UK-based foundation SEA-LNG, in cooperation with independent research and consultancy organisation CE Delft, reported that Liquefied Bio Methane (LBM) and Liquefied Synthetic Methane (LSM) could become available in sufficient quantities to make a contribution towards future decarbonisation for the shipping industry. The costs need not be significantly higher than those of other low- and zero-carbon fuels.
“Based on an extensive review of the global availability of biomass, and the maturity of technologies to produce biomethane and synthetic methane, we conclude that, in principle, sufficient amounts could be produced to fuel the shipping sector,” commented CE Delft senior researcher Dagmar Nelissen. “However, other sectors are also likely to demand methane, and there need to be significant investments in production capacity”.
Analysis of the global sustainable biomass resource shows that biomethane from energy crops, agricultural residues, forestry products and residues could significantly exceed the global total energy demand of the maritime sector.
“The shipping industry faces unprecedented challenges if it is to meet the International Maritime Organisation’s (IMO) decarbonisation targets,” commented Peter Keller, Chairman of SEA-LNG. “Confusing and countering claims abound for different zero-emissions technologies, all of which require decades of research and development before they are proven safe for marine operations, globally available, and commercially viable.”
The report shows that through LBM and LSM, LNG offers a clear pathway to net-zero carbon emissions from shipping while also future-proofing ship owners’ investments. Moreover, the sustainable potential for LBM could be substantially higher in 2050 compared to 2030, even when excluding aquatic biomass, which has the potential to play a dominant role in the long term.

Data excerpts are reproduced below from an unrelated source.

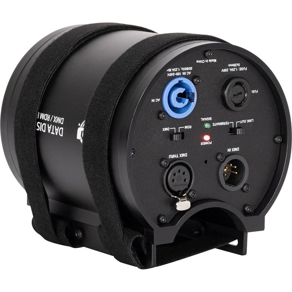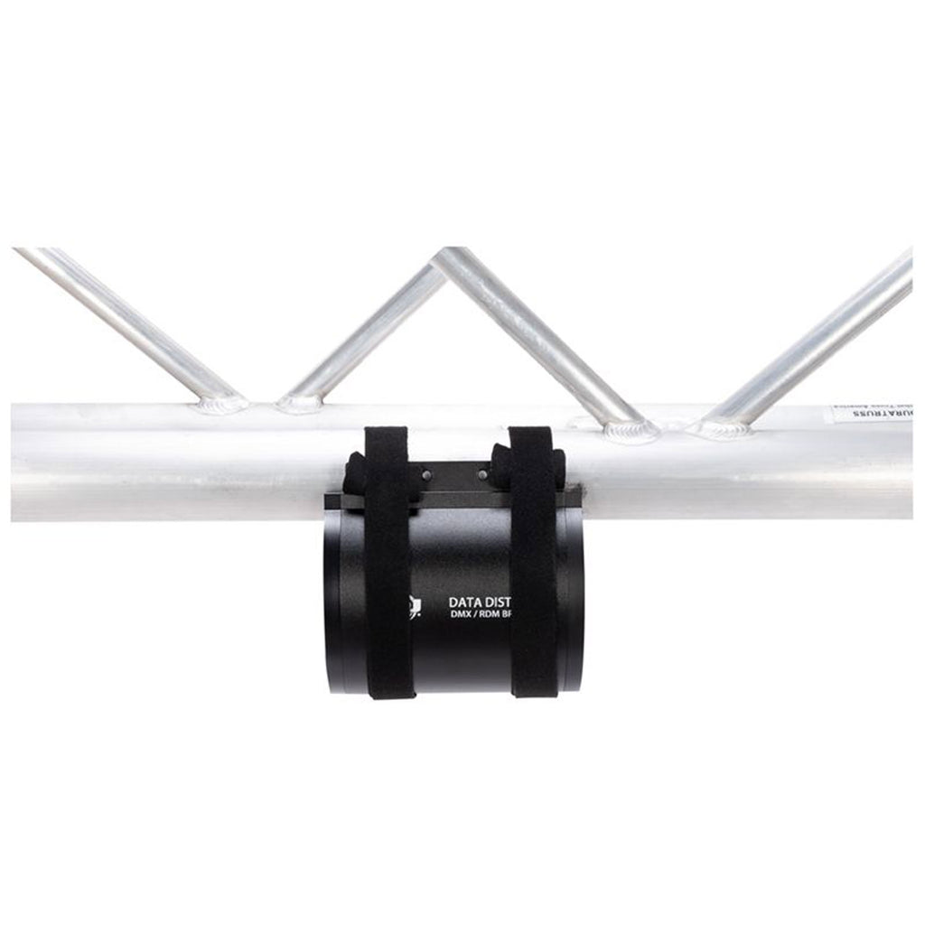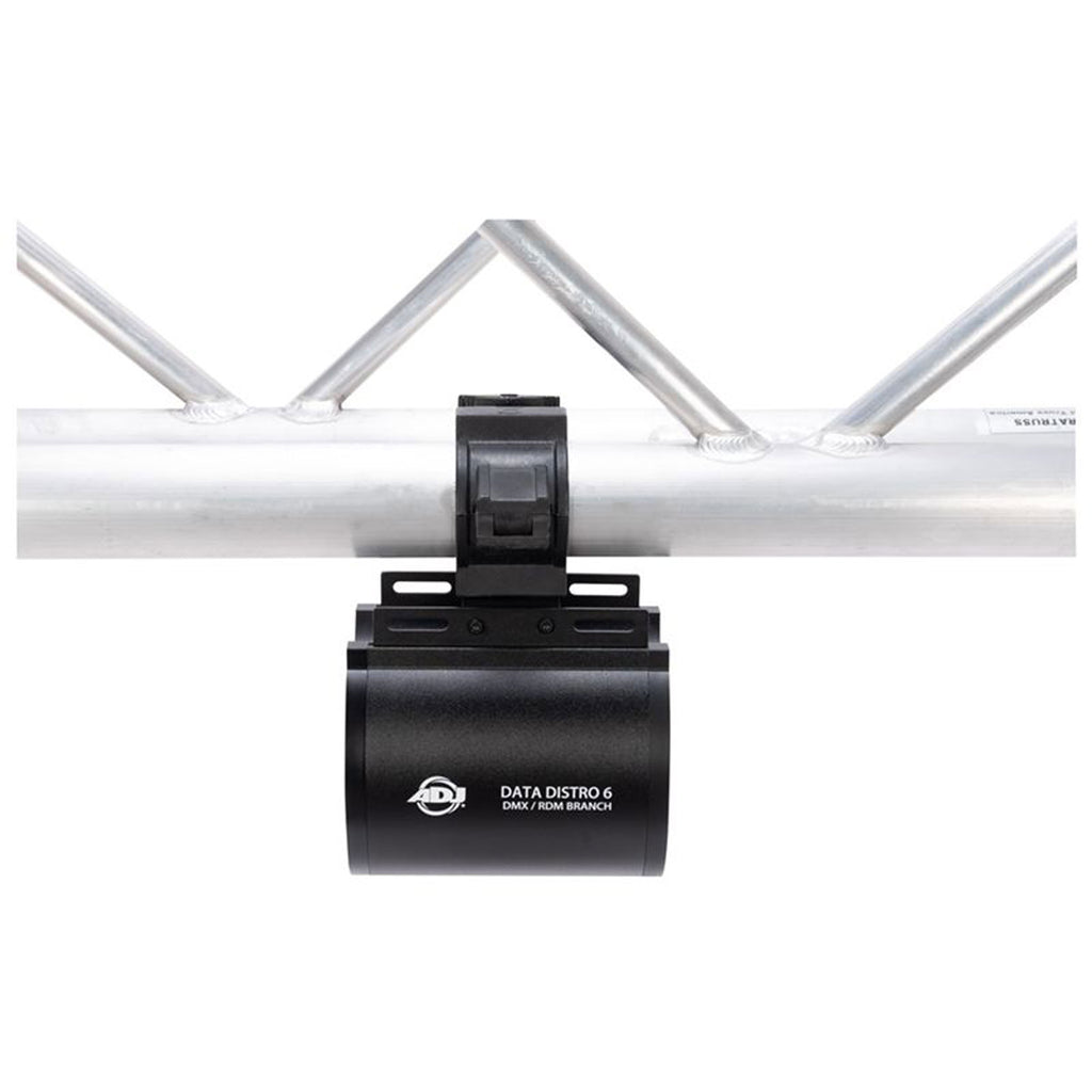 The ADJ Lighting Data Distro 6 is a versatile and compact solution for streamlined DMX512 and RDM signal distribution. Designed for seamless integration into your lighting setup, this data splitter ensures reliable and convenient hanging with 1 Truss Mount featuring two Velcro Straps or M10 Screw Clamp (clamp not included). Its robust physical configuration includes 1x indoor 5-pin XLR input, 1x indoor 5-pin XLR thru, and 6x indoor 5-pin XLR outputs. Equipped with a Link Out Termination Switch and a DMX/RDM Protocol Switch, it also features an indoor locking power socket for added security.
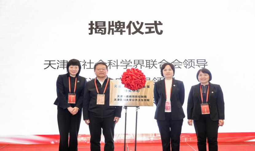 张再生、韩金艳、舒珺与天津医科大学公共卫生学院党委书记王铁英共同为“研究中心”揭牌。
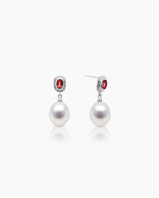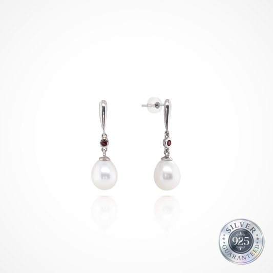 Pearl Drop & Garnet Earrings in 925 Silver
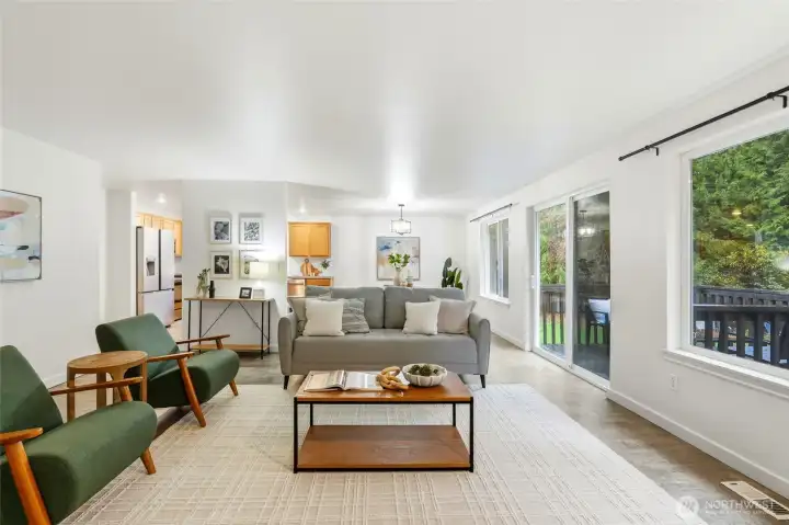 Situated in a quiet cul-de-sac and backed by evergreens, this spacious Lake Tapps home offers comfort, privacy and over 2,000 square feet that lives like a single family home. The main level feels bright and welcoming with fresh paint, modern lighting, and new kitchen appliances. The primary bedroom is conveniently located on the main floor with a double vanity. Upstairs, two bedrooms provide flexible space for guests, work, or play. The finished lower level adds a generous bonus room, new flooring, and a large flex area. Enjoy a fully fenced yard, a new furnace, a newer heat pump, a newer water heater, and the HOA that covers water, septic, front yard care, and private lake access at nearby Jenks Park. Imagine the life you’ll create here!
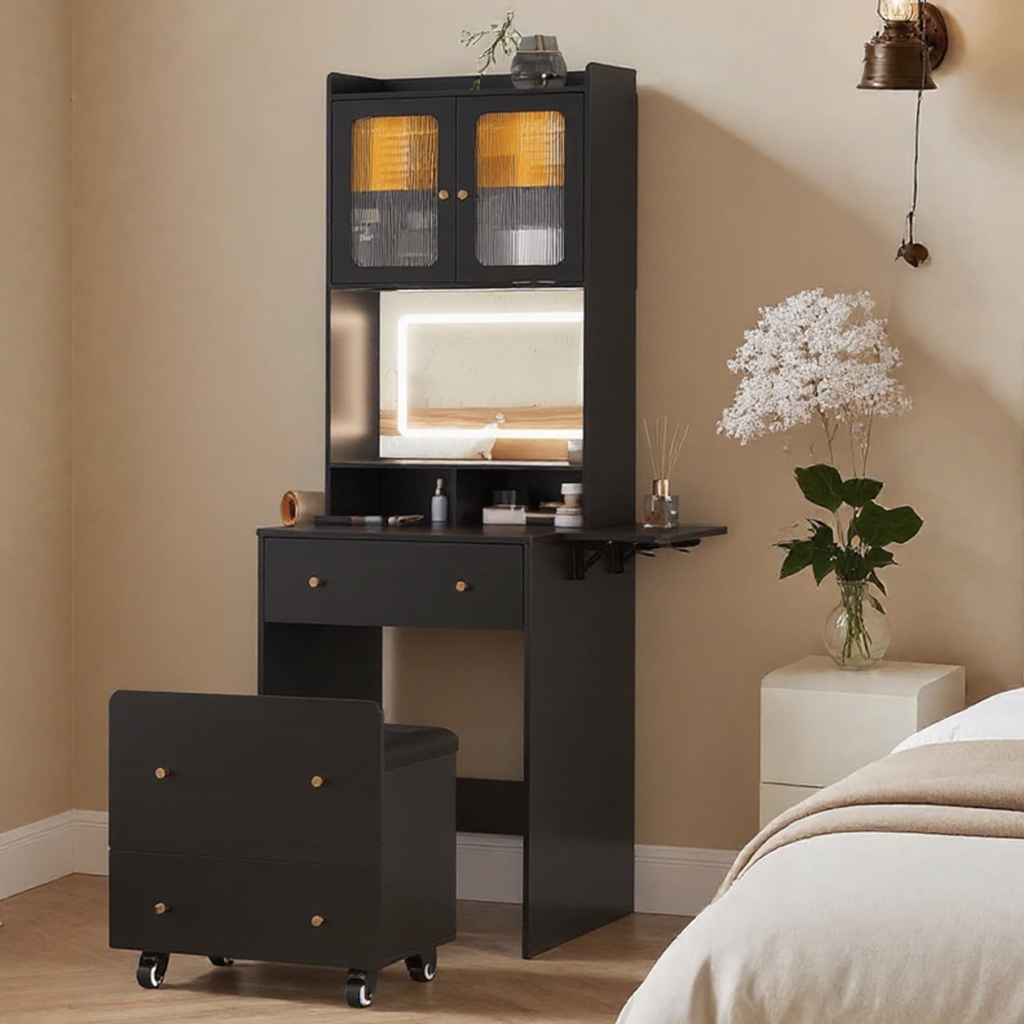 VEANERWOOD 70" H Vanity Desk Set for Small Spaces, Modern Vanity Set with Fold-up Panel and Hidden Stool, Small Dressing Table with LED Mirror
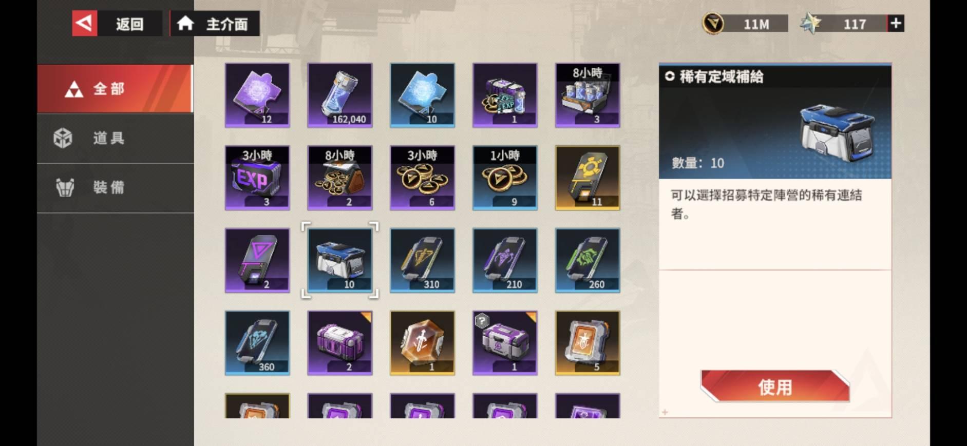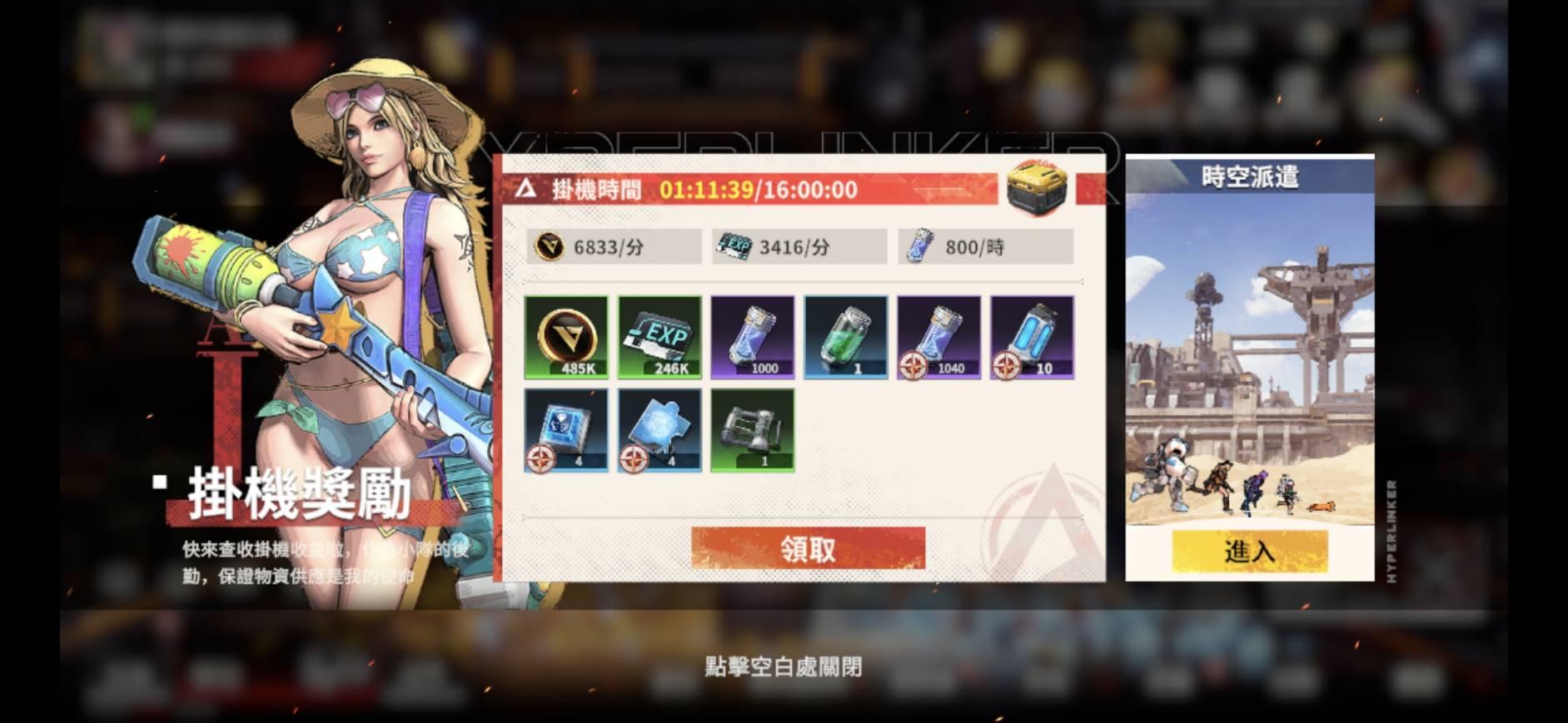 點開來查看和領取掛機資源,越後期掛機時間上限會越高,在「時空派遣」選擇要跑哪些資源。推薦優先跑空投信標,可以在主城畫面裡的空投補給開出以下道具:
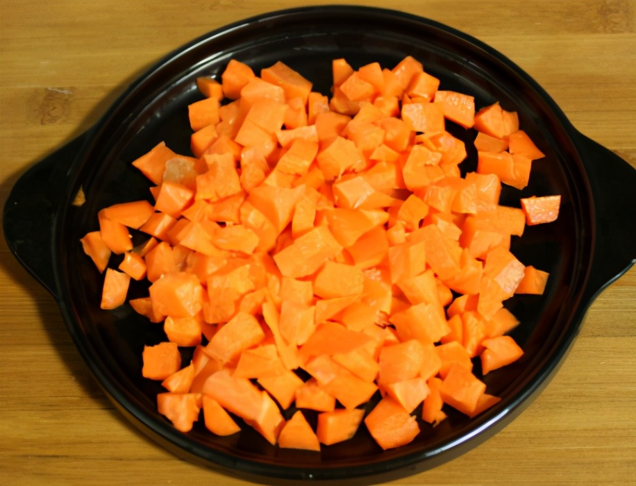 2、胡萝卜切成与玉米粒、胡萝卜丁一般的大小,这道菜看上去更加美观,这三样食材事先要焯下水,可减少炒菜的时间,更能保留鲜美的口感,焯水的时候加上点食盐和几滴食用油,可保留食材自身的颜色,而且口感也非常好;
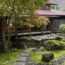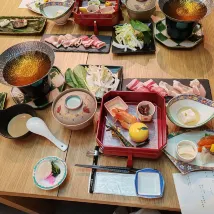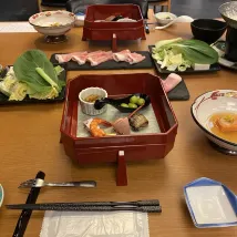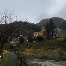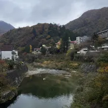 位置較遠,很少火車經過此站。村莊本身很小,但很美麗,尤其是在秋天——所有的山脈都美麗地覆蓋著不同顏色的樹葉。 飯店很大,很漂亮,很整潔。工作人員很有禮貌,其中一名員工會說英語,還有許多外國遊客。懷石料理晚餐和早餐都很棒——一切都很美味,員工解釋了吃什麼以及如何吃。溫泉很乾淨而且很熱。

“If we are to make effective, meaningful progress with emissions reductions, waiting for the perfect solution is not an option,” concluded Mr Keller. “We must act today, and LNG is the only option that both provides considerable GHG emissions reductions now while charting a clear pathway towards a sustainable future for the shipping industry.”
When it comes to Central and Eastern Europe, LNG terminals are built, or under construction, in Poland, Lithuania and Croatia.